▶

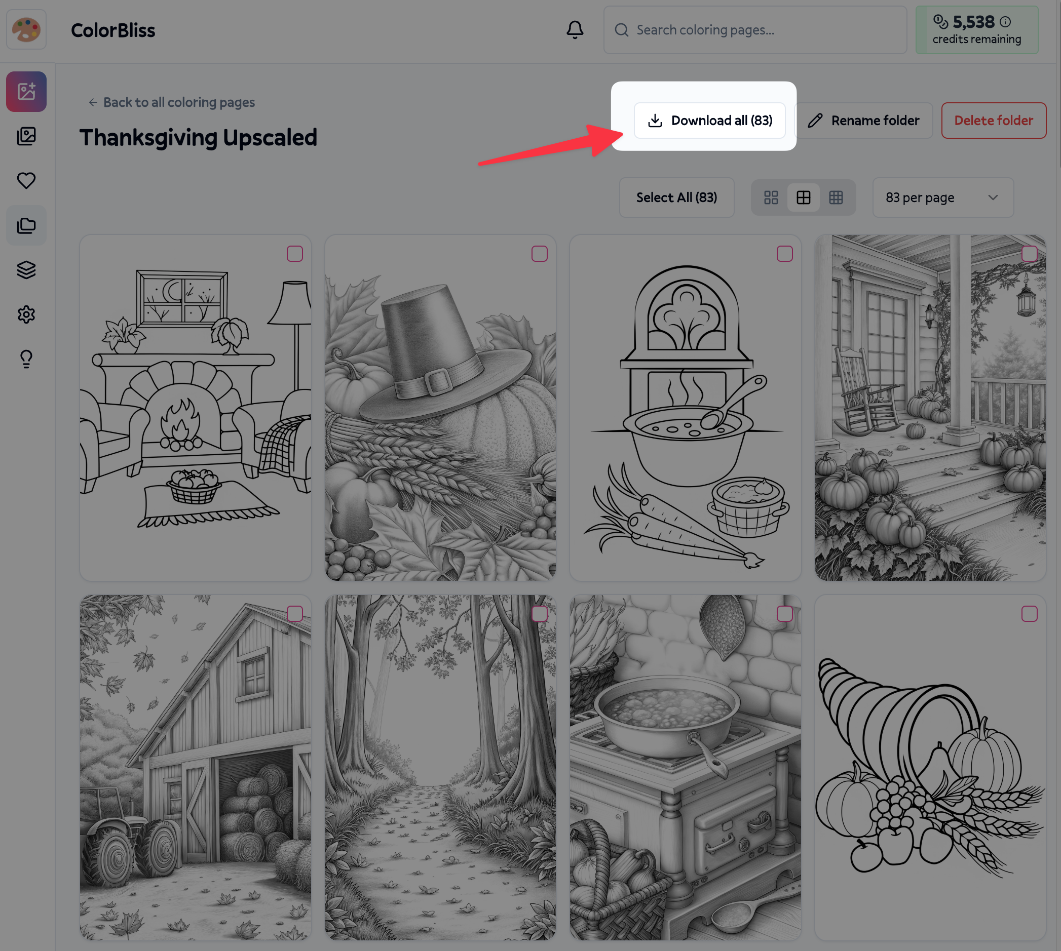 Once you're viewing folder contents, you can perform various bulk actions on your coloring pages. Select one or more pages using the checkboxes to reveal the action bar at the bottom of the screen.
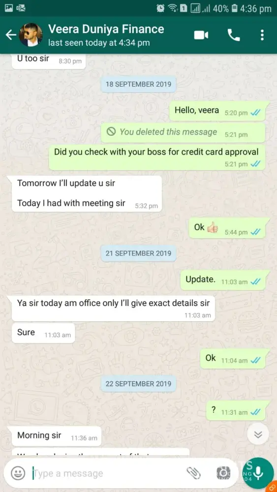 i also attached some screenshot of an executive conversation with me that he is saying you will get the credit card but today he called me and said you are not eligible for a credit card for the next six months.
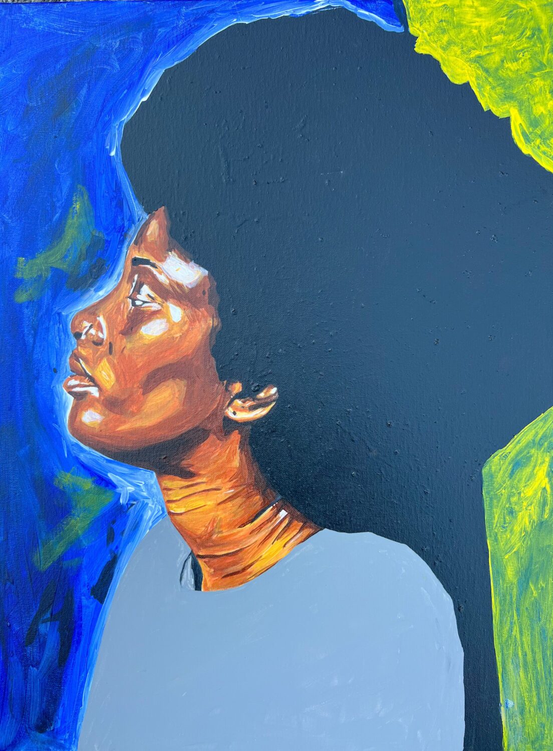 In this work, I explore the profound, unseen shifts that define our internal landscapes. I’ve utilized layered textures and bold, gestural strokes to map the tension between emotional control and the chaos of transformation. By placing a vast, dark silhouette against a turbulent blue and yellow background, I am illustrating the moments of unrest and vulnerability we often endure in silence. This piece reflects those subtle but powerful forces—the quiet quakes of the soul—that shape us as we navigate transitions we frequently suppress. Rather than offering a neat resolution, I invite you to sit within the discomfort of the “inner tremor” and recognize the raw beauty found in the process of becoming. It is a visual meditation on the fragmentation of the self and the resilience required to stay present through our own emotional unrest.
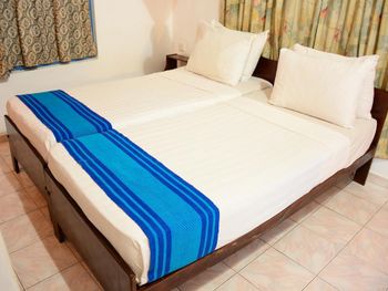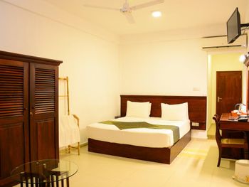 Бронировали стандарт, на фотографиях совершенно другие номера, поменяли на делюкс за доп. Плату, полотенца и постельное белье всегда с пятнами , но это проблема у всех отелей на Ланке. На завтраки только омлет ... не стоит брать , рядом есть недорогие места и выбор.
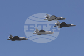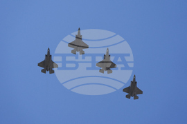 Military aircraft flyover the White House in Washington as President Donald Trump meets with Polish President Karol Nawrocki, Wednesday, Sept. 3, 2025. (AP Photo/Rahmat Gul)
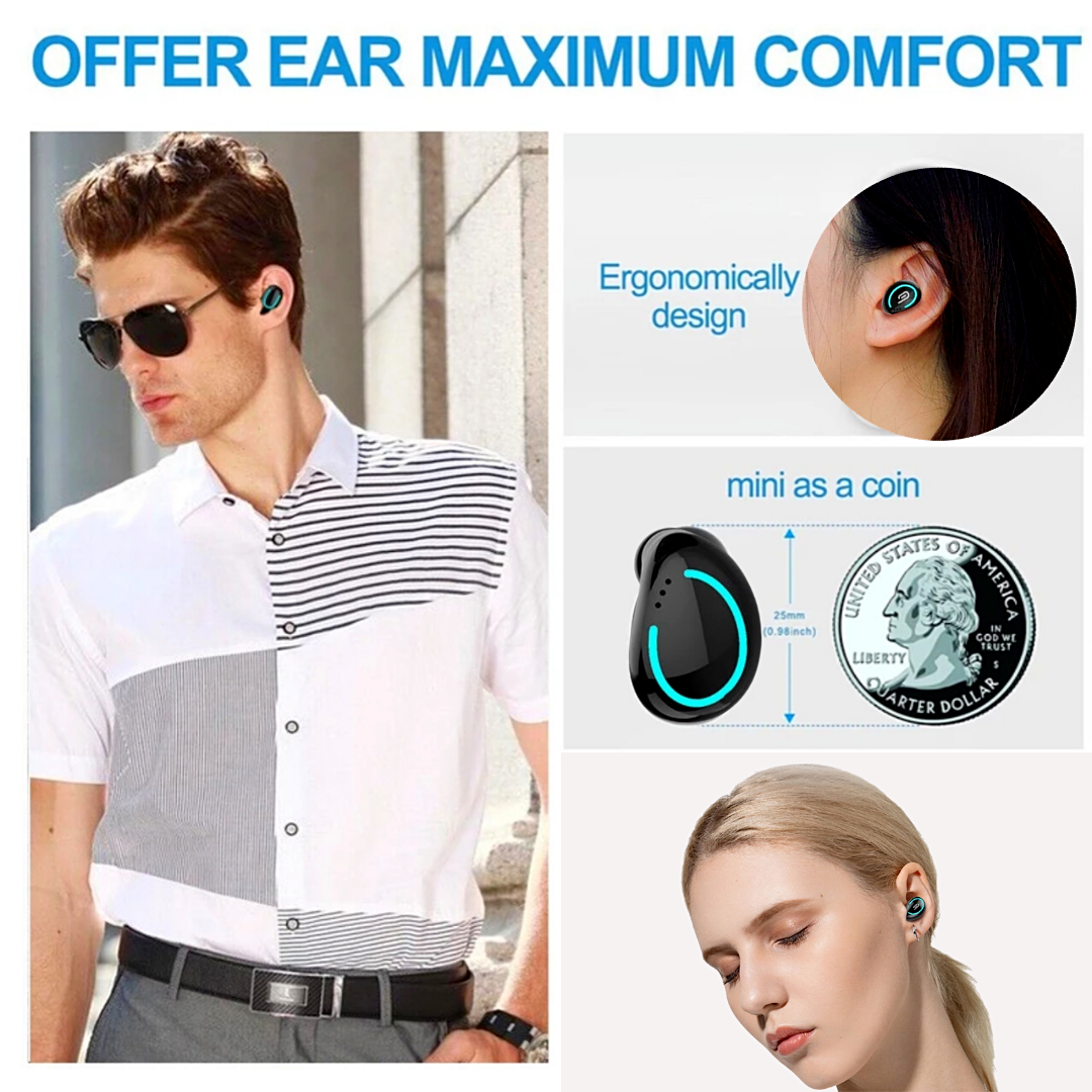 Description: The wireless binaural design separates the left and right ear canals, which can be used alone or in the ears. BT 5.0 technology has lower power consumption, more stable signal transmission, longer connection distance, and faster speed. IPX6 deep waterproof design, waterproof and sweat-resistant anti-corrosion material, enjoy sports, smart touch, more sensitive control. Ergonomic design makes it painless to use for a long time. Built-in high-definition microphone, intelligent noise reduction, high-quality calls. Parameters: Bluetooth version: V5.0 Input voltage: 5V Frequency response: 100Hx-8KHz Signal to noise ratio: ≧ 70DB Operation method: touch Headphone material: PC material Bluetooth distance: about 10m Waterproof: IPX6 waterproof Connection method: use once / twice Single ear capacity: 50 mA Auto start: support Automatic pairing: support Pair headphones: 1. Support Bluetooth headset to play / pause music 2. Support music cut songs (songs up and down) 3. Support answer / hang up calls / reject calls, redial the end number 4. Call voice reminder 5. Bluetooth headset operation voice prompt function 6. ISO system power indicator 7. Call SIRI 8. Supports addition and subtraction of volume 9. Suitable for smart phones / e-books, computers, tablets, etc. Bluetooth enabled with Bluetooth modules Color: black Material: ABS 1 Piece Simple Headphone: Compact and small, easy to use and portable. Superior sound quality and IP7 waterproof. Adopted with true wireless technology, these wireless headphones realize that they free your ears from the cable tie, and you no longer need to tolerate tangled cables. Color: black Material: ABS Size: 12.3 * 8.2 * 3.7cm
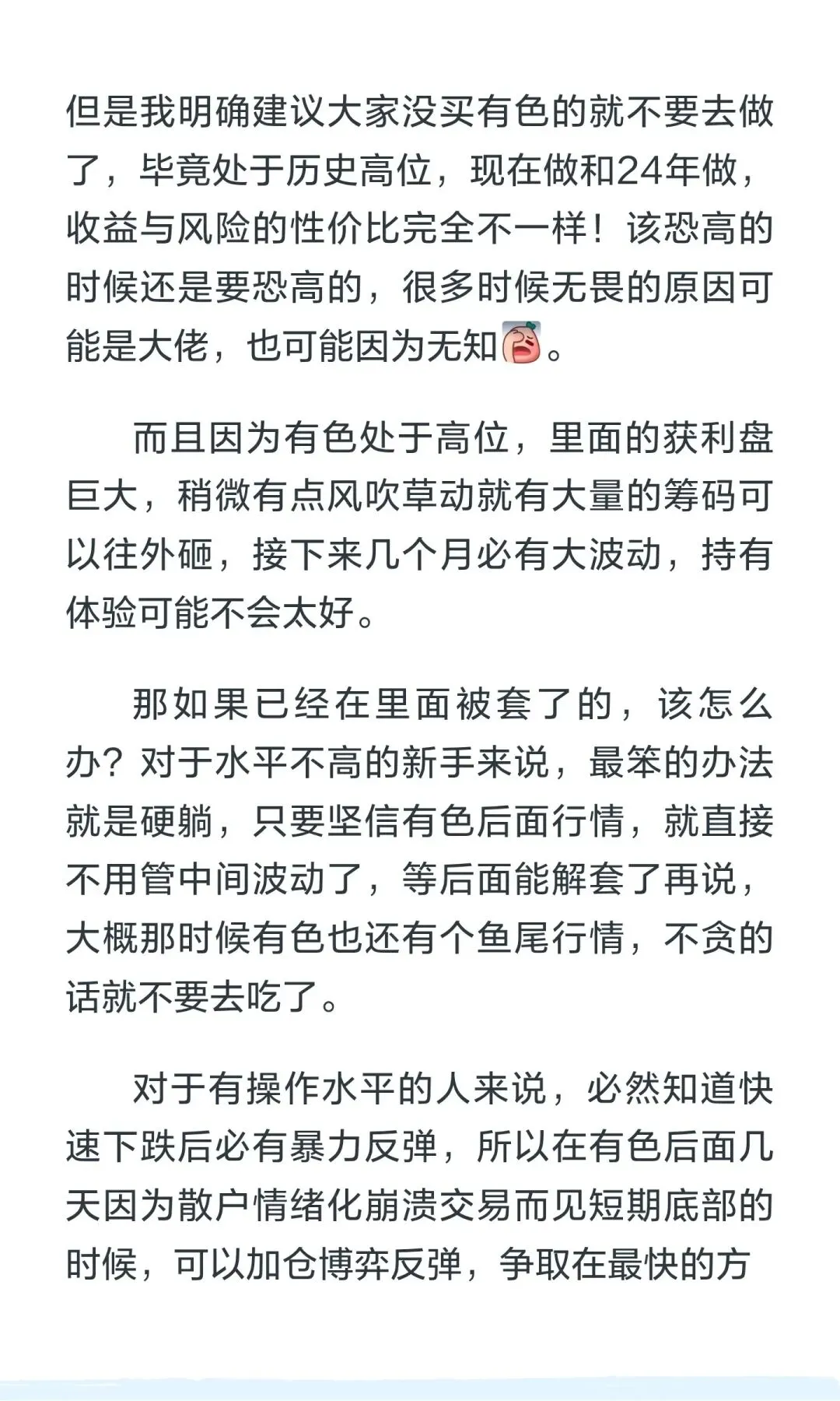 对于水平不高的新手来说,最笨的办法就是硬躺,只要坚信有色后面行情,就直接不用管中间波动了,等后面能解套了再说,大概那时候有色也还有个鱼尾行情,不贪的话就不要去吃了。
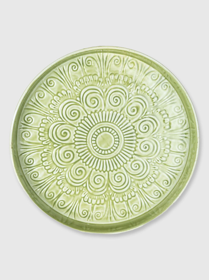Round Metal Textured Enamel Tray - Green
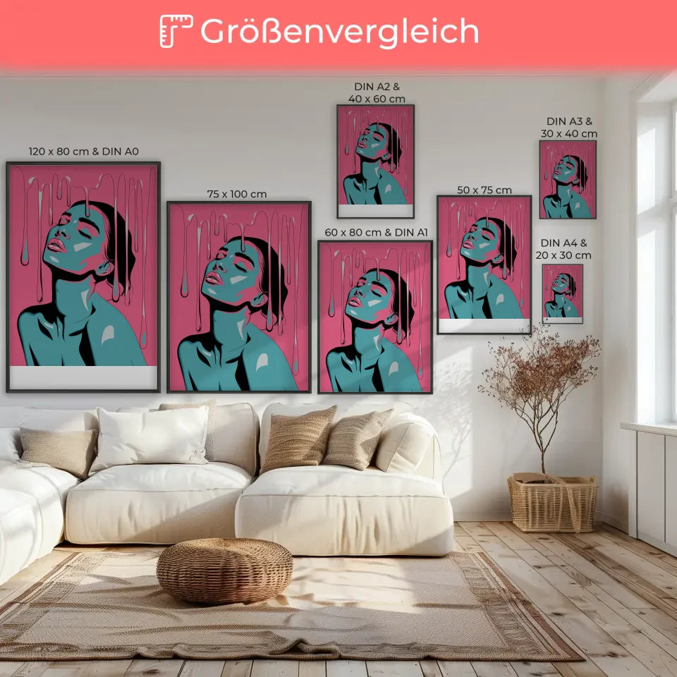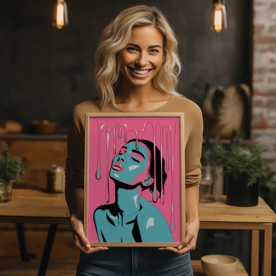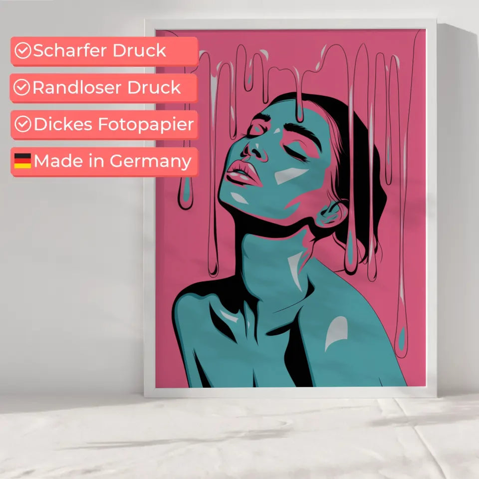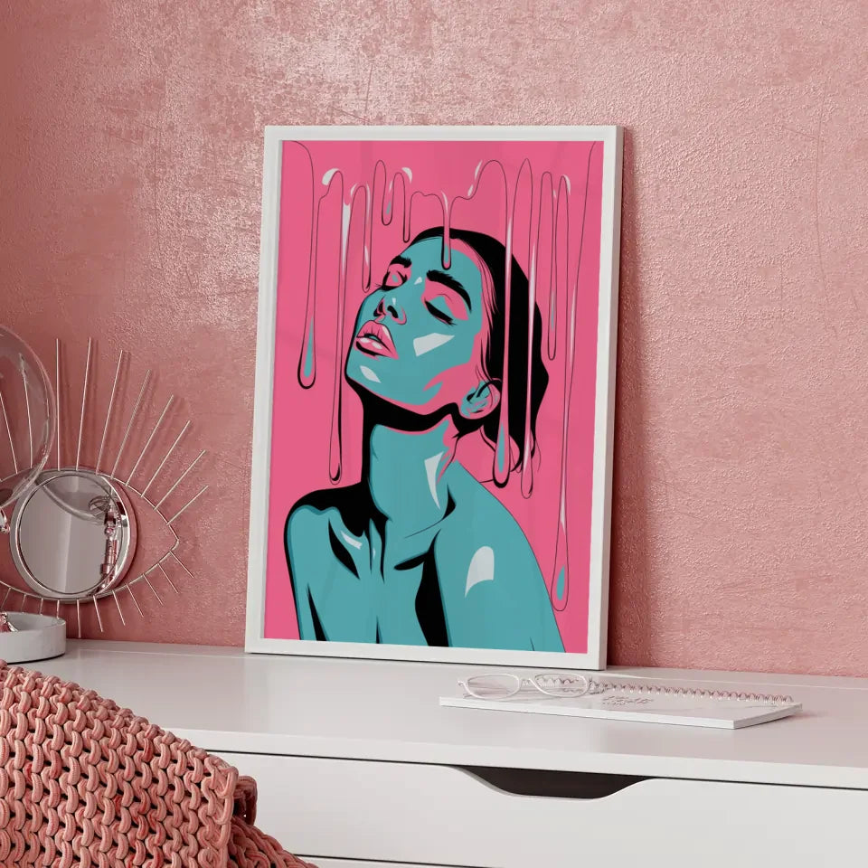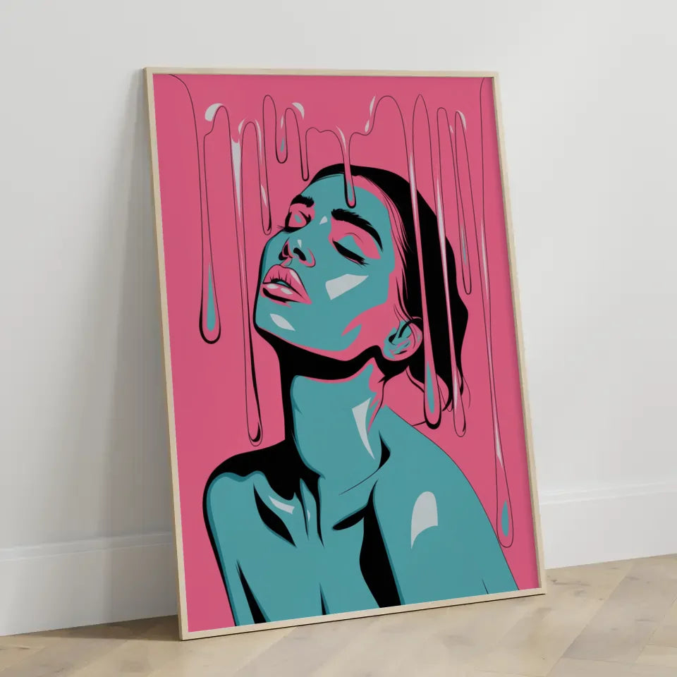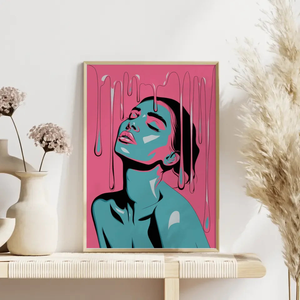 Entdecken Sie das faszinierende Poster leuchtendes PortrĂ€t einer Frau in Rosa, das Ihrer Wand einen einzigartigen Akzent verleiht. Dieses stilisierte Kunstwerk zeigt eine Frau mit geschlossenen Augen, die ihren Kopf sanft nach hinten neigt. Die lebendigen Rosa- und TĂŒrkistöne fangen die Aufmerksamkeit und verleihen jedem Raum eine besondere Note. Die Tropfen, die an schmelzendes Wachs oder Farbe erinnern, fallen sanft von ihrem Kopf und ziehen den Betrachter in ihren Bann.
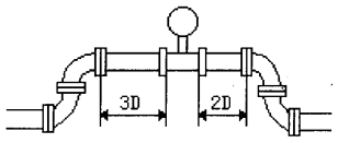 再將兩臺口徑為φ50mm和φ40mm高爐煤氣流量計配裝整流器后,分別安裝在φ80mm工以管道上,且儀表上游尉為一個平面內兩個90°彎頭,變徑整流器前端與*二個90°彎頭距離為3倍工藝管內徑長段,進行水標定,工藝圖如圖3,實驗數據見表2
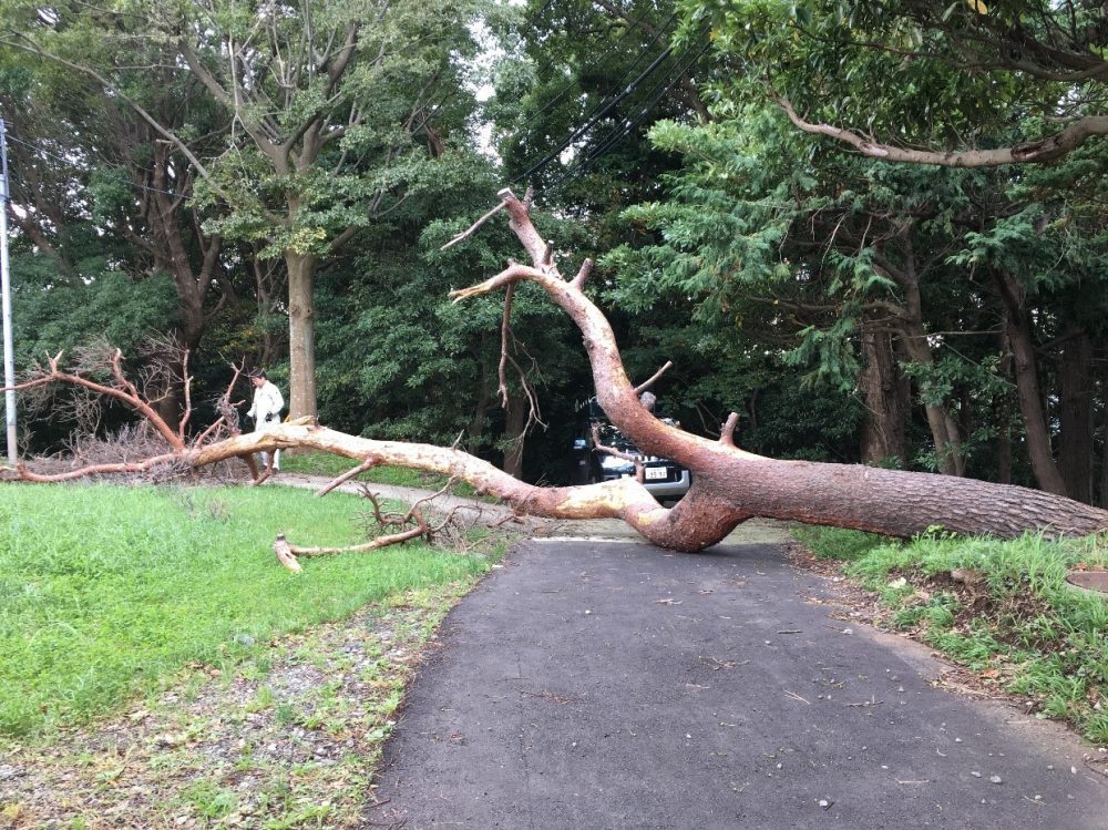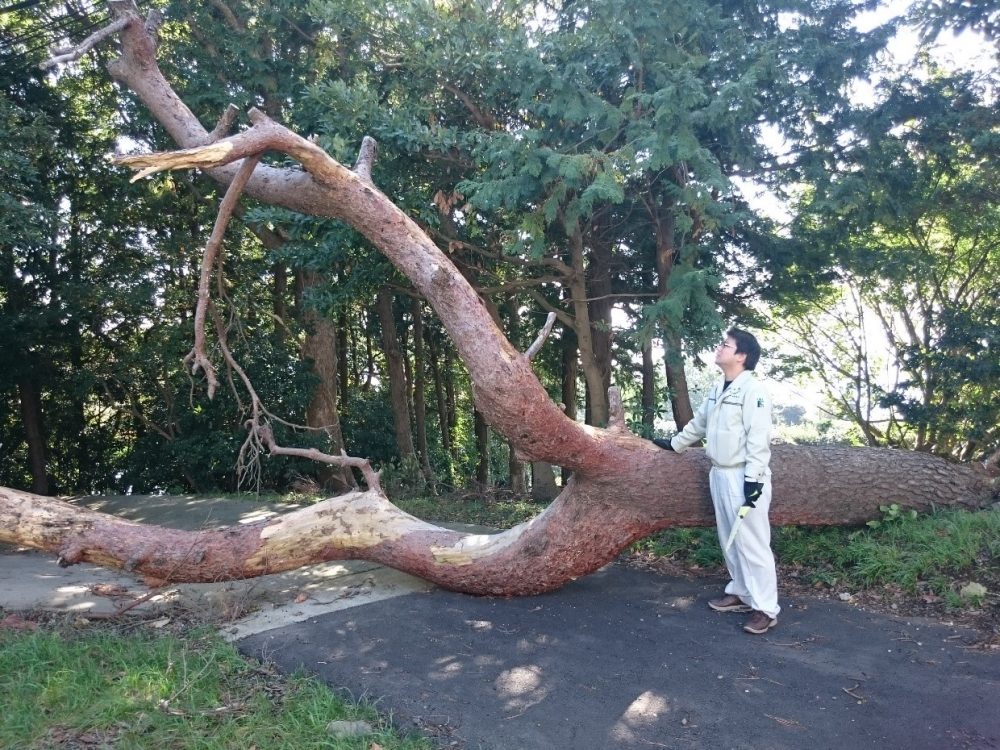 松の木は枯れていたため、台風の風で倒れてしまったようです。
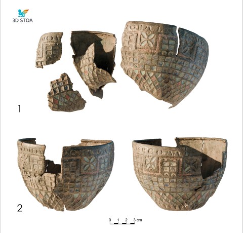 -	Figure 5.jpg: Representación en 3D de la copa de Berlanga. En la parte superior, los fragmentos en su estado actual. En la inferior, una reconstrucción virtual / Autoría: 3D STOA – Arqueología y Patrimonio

◀

— WORK TO BE COMPLETED —
Nothing but the lines from the first line of the records above to the line with "i also attached", inclusive, should be transcribed exactly, and the pictures must be left out.

— RESULT OF THIS EXERCISE —
 Once you're viewing folder contents, you can perform various bulk actions on your coloring pages. Select one or more pages using the checkboxes to reveal the action bar at the bottom of the screen.
 i also attached some screenshot of an executive conversation with me that he is saying you will get the credit card but today he called me and said you are not eligible for a credit card for the next six months.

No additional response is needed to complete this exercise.